The business owners have since filed formal complaints with the state’s R.I. Division of Public Utilities and Carriers, which acts as an arbitrator overseeing disputes between the utility and customers. The division has scheduled hearings for Cola Foods and Little Sister in the coming weeks.
“I am not convinced that the bills are legitimate,” Pagan said earlier this year. “I am not convinced they’re correct, and so I can’t pay them until I’m convinced.”
As of Thursday, Burke had not yet filed his own version of the bill on the Senate side, but he told Target 12 the legislation will be submitted in the coming weeks. He highlighted that the bill — if approved — would also help protect homeowners and renters, arguing utility costs often trickle down.
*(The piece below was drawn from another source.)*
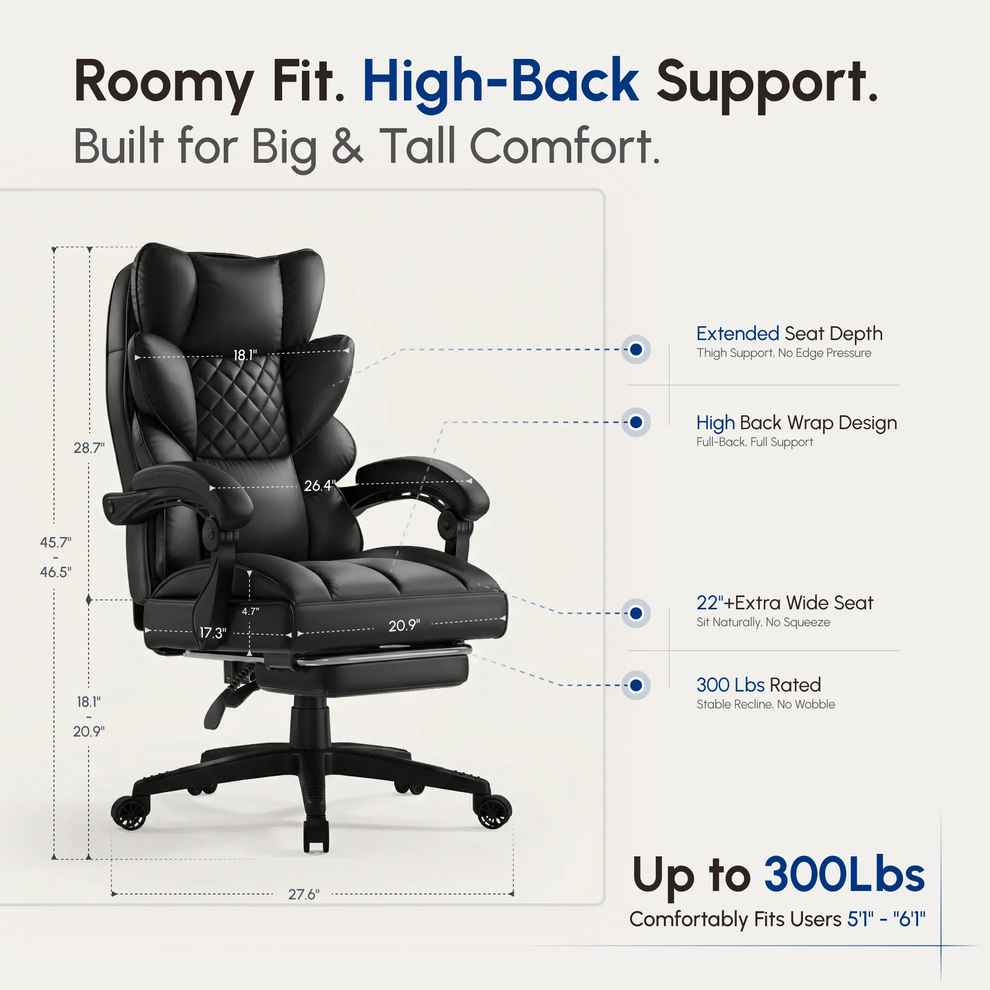 ·Double-Layered Thickened Backrest: This big and tall office chair features a dual-layer backrest design with a soft cushioning layer and a supportive layer, offering enhanced comfort and ergonomic support even during extended periods of sitting

“When you have bills like this, especially for landlords, it goes down to their renters and the tenants and they end up paying the bill,” Burke said.
The General Assembly is trying to conclude the current legislative session by mid-June, raising questions about whether Serpa’s bill will garner the support necessary to pass the legislature this year. House Speaker Joe Shekarchi spokesperson Larry Berman said the speaker was still reviewing the legislation.
In the event the bill doesn’t pass this session, Serpa said she would continue to monitor the issue throughout the year and she committed to reintroducing the legislation in January — especially if Rhode Island billing practices don’t improve. She argued current practices aren’t fair to consumers, especially in a the high-inflationary environment.
“Everything has gone up, including electricity, and I don’t think people can absorb $100 to $200 in their budget,” she said.